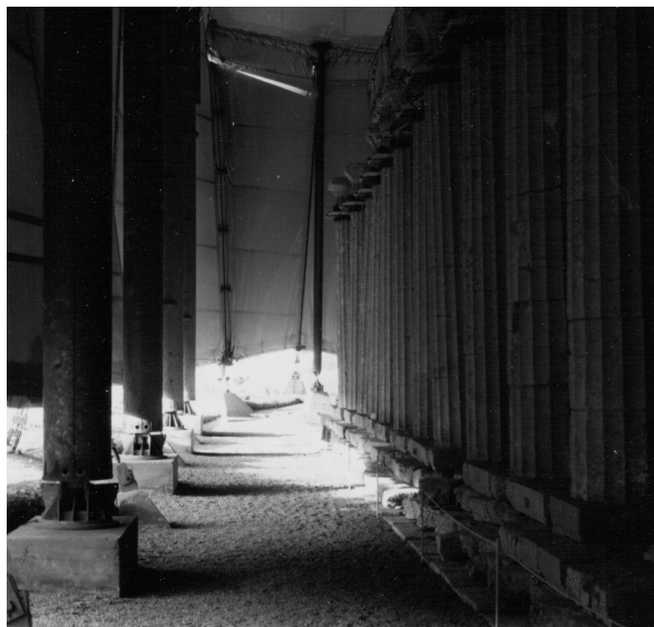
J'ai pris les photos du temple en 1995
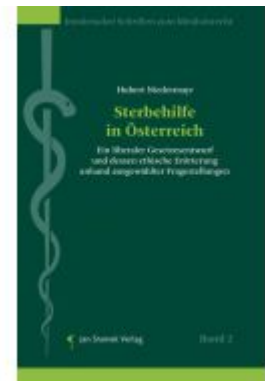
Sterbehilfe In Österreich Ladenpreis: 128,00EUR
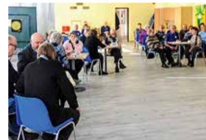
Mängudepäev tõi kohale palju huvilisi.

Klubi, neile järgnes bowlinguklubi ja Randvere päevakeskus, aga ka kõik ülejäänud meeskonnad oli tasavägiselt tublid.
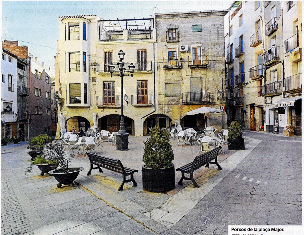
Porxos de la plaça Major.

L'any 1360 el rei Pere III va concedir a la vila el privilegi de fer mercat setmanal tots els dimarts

+ + +

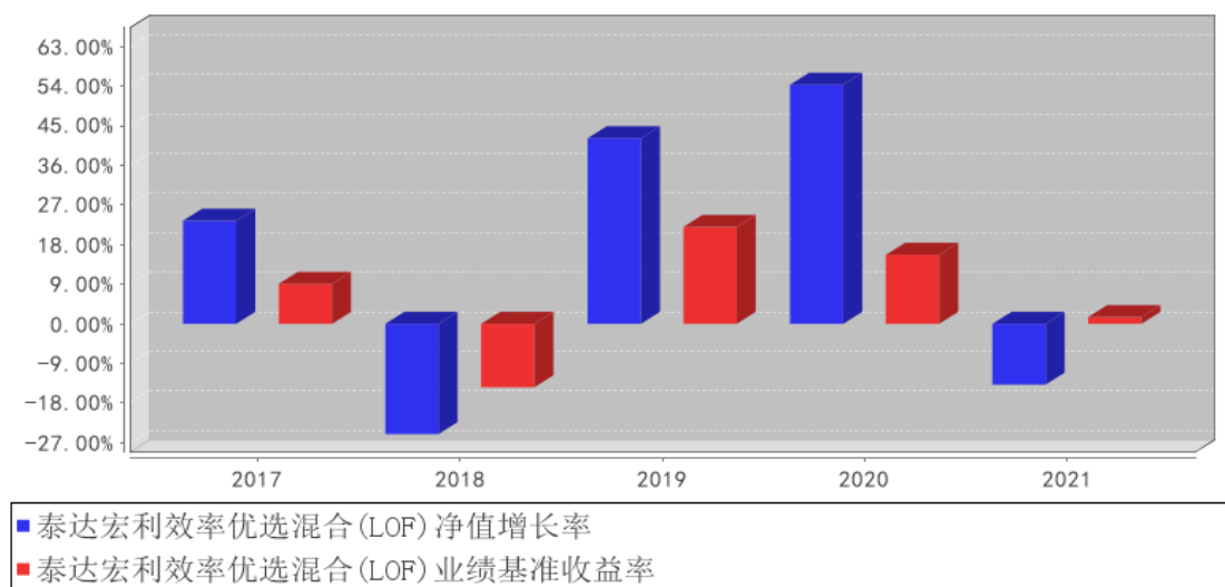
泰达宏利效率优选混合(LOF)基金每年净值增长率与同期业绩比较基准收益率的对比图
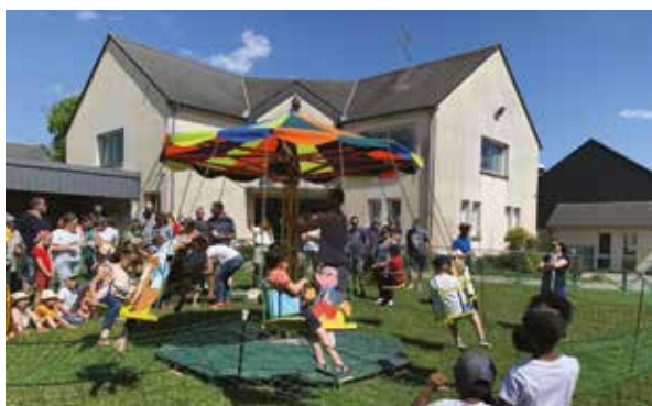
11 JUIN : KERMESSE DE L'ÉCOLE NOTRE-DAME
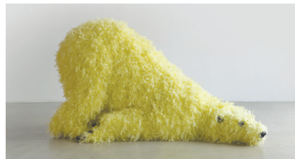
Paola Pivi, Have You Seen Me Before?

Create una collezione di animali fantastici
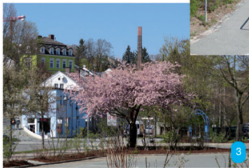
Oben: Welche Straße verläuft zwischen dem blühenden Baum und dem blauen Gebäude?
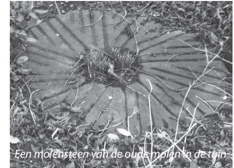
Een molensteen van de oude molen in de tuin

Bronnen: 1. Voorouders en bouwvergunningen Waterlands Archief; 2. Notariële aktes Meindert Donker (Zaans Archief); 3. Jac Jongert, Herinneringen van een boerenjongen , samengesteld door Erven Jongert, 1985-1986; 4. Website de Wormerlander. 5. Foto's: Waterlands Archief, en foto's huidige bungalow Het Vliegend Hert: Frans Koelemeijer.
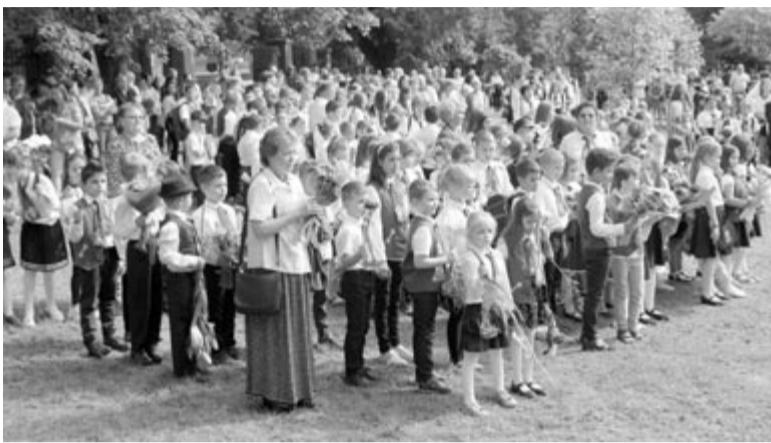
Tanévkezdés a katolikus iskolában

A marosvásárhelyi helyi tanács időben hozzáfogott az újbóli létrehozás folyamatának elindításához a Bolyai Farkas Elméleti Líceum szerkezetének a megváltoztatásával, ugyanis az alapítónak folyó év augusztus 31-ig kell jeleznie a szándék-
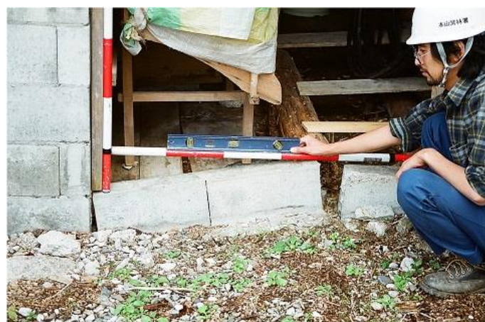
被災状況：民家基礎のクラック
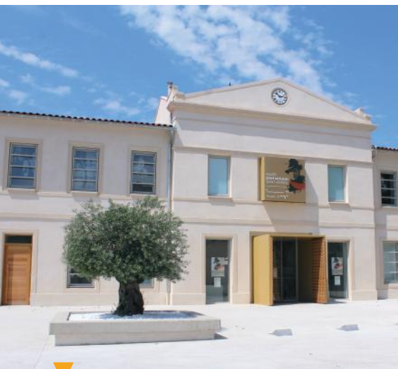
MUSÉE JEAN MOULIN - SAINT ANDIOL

+ + +

● Prompt: Write out, word for word, the stretch of entries that begins at the line with "J'ai pris les photos du temple en 1995" and ends at the line with "L'any 1360 el". Pictures do not belong in it.

● Reply:
J'ai pris les photos du temple en 1995
Sterbehilfe In Österreich Ladenpreis: 128,00EUR
Mängudepäev tõi kohale palju huvilisi.

Klubi, neile järgnes bowlinguklubi ja Randvere päevakeskus, aga ka kõik ülejäänud meeskonnad oli tasavägiselt tublid.
Porxos de la plaça Major.

L'any 1360 el rei Pere III va concedir a la vila el privilegi de fer mercat setmanal tots els dimarts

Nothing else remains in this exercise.